Abbonamento 790/anno o 195/trimestre

Nel cortile della guerra

Nonostante il processo di pace tra Israele e Palestina sia in fase di stallo, i palestinesi di Nabi Saleh sognano ancora l'accesso al Mediterraneo.




(QUESTO ARTICOLO È TRADOTTO DA Google dal norvegese)

Un improvviso lampo di luce. Una granata esplode. Sono i primi di febbraio e nel cuore della notte quando arriva l'esercito.

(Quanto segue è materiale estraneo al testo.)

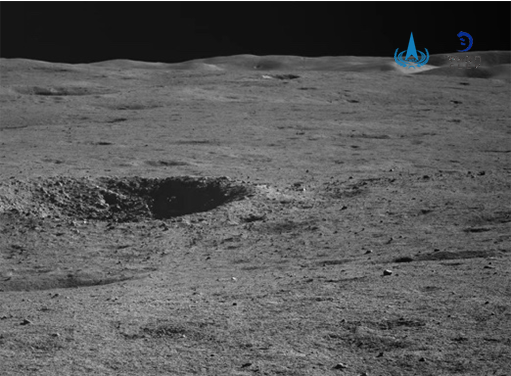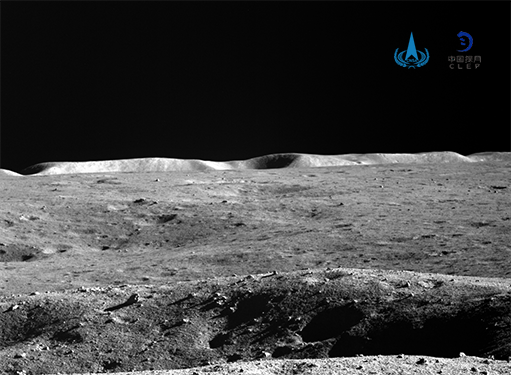 △第49月昼期间,当玉兔二号月球车行驶至LE04905点时,全景相机拍摄的撞击坑边缘隆起,远处还可以看到接着天际线的冯卡门坑边缘。

Nessuno sembra sorpreso.

"Di solito vengono un po' più tardi", dice Manal Tamimi, un'attivista palestinese.

Dalla finestra, con il mirino di un M16 puntato nella sua direzione, inizia a trasmettere in diretta a una stazione televisiva palestinese locale.

Sei o sette soldati saltano fuori dai loro veicoli blindati e si sparpagliano per le strade. Sparano in aria; granate stordenti: bombe che stordiscono e confondono, ma non danneggiano nessuno. Improvvisamente ci sono gas lacrimogeni ovunque, e sui tetti e nei cortili si vedono immediatamente sagome palestinesi che rispondono con fionde e pietre.

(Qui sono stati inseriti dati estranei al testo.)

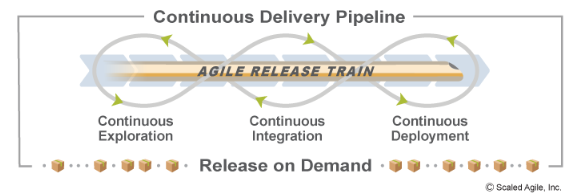 As empresas SAFe implementam o DevOps para quebrar silos organizacionais e desenvolver uma pipeline de entrega contínua (CDP) – uma máquina de inovação de alta performance capaz de entregar soluções líderes de mercado à velocidade dos negócios.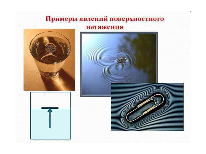 • Клоп-водомерка умело использует силу поверхностного натяжения, удерживающую его на поверхности воды. Он не тонет, поскольку вес клопа меньше силы поверхностного натяжения.

Tuttavia, il raid non sembra avere uno scopo specifico. I soldati non cercano nessuno. Non entrano in nessuna casa. Tutti sembrano rilassati.

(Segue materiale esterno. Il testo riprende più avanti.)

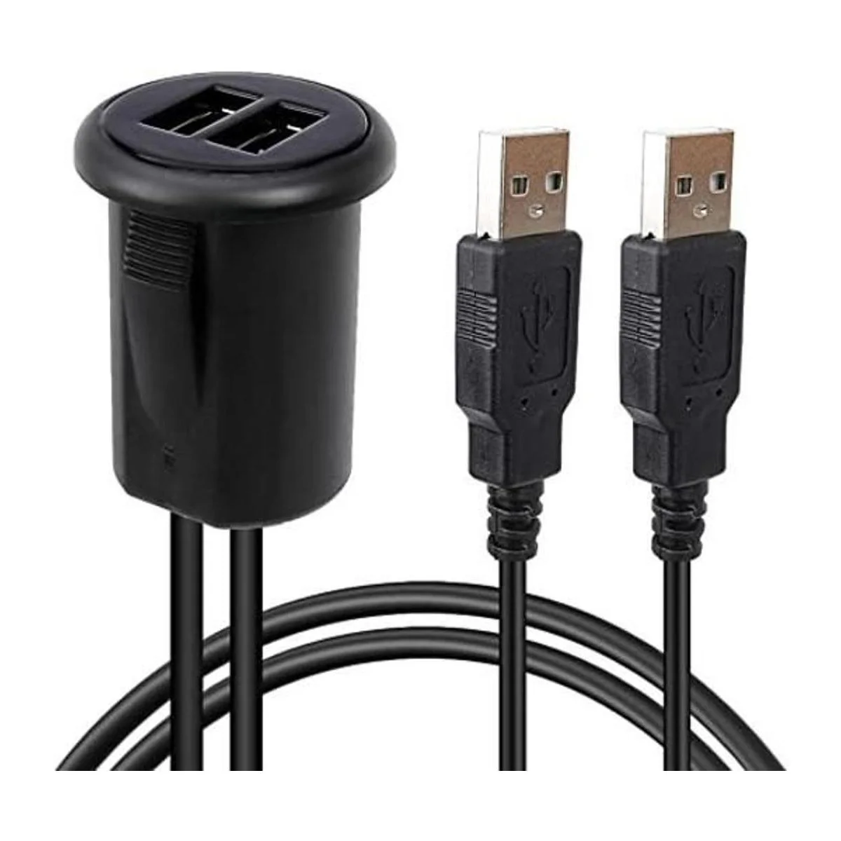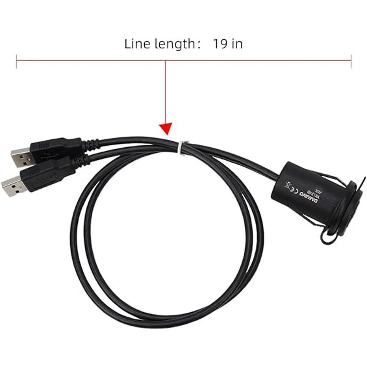 DAMAVO YM1240 Cable de extensión de montaje de coche doble USB 2.0 macho a hembra, con hebilla para coche, camión, barco, panel de salpicadero

"Siamo passati di moda: oggi il Kurdistan è la questione più trendy."
-Bassem Tamimi 

Quella è Malala. Nabi Saleh è un normale agglomerato di case nel mezzo della Cisgiordania, ma da mesi la zona fa notizia a livello internazionale; è stato qui che la sedicenne Ahed Tamimi – dopo che sua cugina era finita in coma con una pallottola alla testa – ha notato un soldato davanti a casa sua.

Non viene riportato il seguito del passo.